Writing in the FT, Barker says that Brussels is poised to serve Berlin exactly what it does not want: a blueprint for a central executioner to shut down failing eurozone banks, if necessary against the protestations of the lender's home state.
Should the draft proposal survive, which is far from certain, those far-reaching powers and access to a big pot of common money would be granted to none other than European Commission – or so the body itself hopes. It is a tall order but admittedly what EU leaders – in principle – asked for last June and asked for again last December. A common means to call time on struggling banks is the cornerstone of any genuine financial union and one step closer to pooling financial risks across eurozone taxpayers.
The supreme executioner would be the antidote to supine national authorities that many EU leaders feel helped create the three-year-old eurozone crisis. And it would be the complement to the European Central Bank’s new role as top bank supervisor – an earlier reform the Commission drove through in a matter of six months with a mix of boundless optimism and blind perseverance.
This time, though, the potential downsides of overreaching are plain. This overhaul involves money, raw sovereign power and carries huge legal liabilities – creditors naturally turn to lawyers when banks are forcibly closed. The danger is that a botched resolution reform might be worse than doing nothing at all.

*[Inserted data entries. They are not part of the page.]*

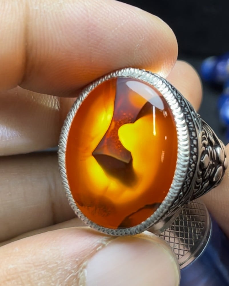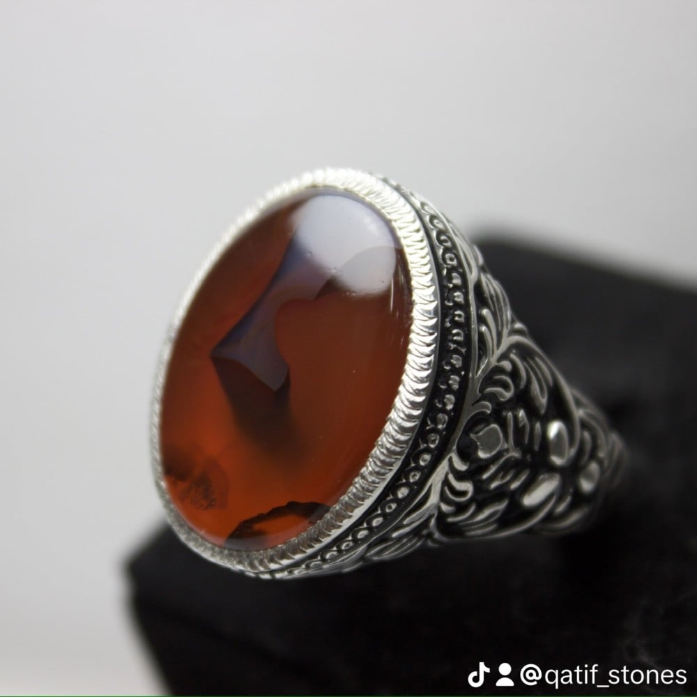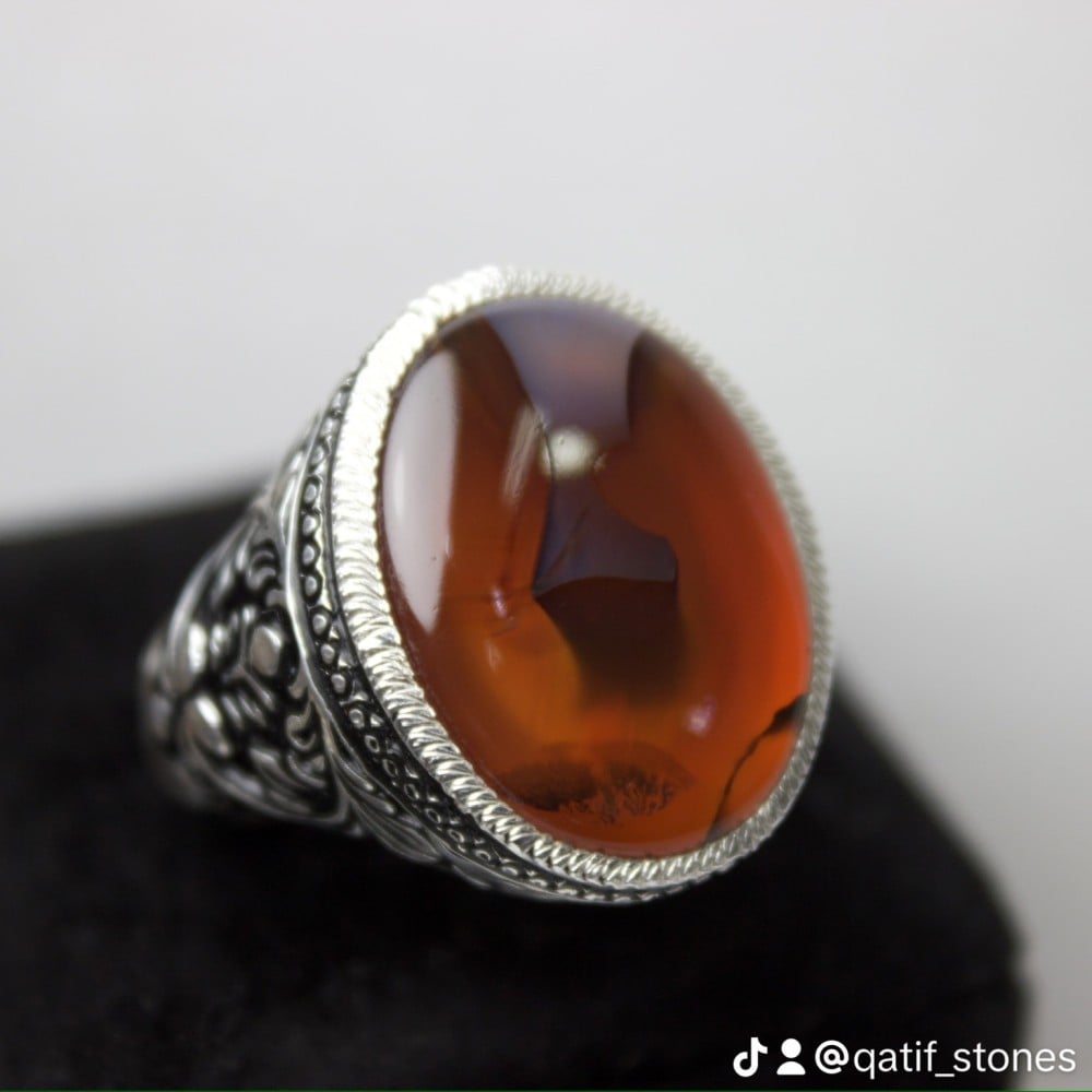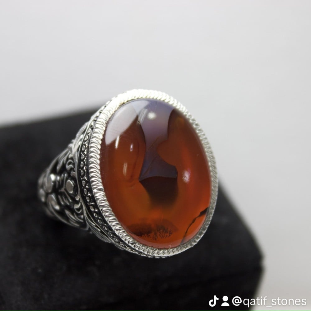 عقيق يماني نوادر الخام الأحمر الزجاجي المشجر المصور تبارك الرحمن صياغة محمد عارف"عيار الفضة 990"
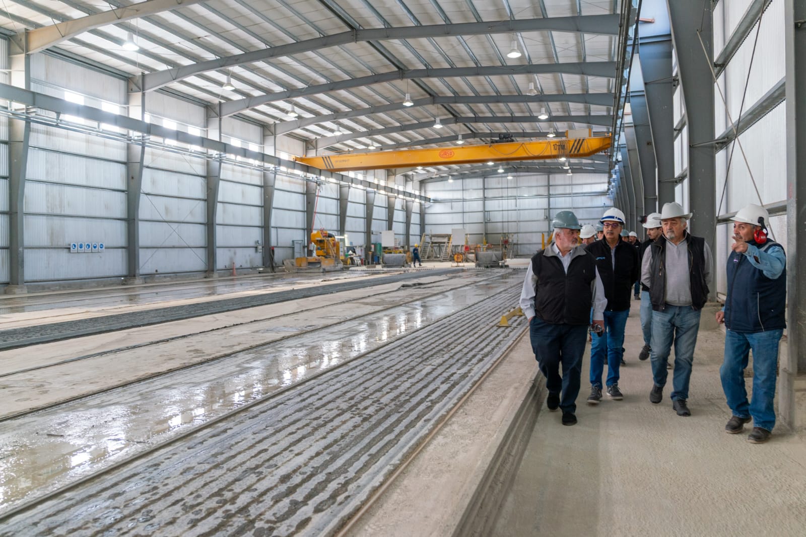 Durante la visita, técnicos de la empresa presentaron un proyecto que propone viviendas sociales construidas con bloques y viguetas de hormigón fabricados en Comodoro, utilizando además mano de obra local.
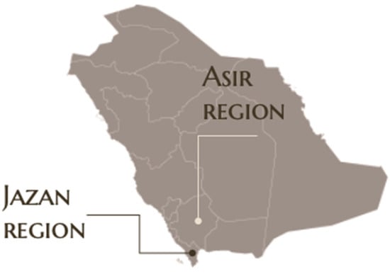 Thirty-seven and twenty-one honey samples were collected from the regions of Asir and Jazan, respectively (Figure 1). The Jazan area is approximately at sea level while the samples of the Asir region are from an altitude of 900 m above sea level. Jazan is characterized by the high temperature, high humidity and high barometric pressure compared to the Asir region.

Underlying the reform is also a faith that crises are solved by committee. Yet as a rule authorities passionately disagree about shutting cross-border banks. No structure compensates for key players refusing to talk. Disputes tend to generate unhelpful leaks that prompt creditors and depositors to abandon the banks before haircuts can be imposed or solutions agreed.
Such friction is impossible to avoid in a banking crisis. More worrying for the Commission is the sheer number of ways in which capitals are seeking to preserve national control of stricken lenders. For example, more flexibility for governments when forcing losses on creditors in failing banks – as demanded by France and the UK – would make it harder for any central authority later on to enforce its writ.
If diluted to suit national capitals on such crucial points as this, the initiative could go the way of other EU attempts to impose fiscal and financial discipline across the bloc. The Commission would promise the world, only to give rise to a system that would force cash-strapped weak countries to practise what large and richer countries only preach.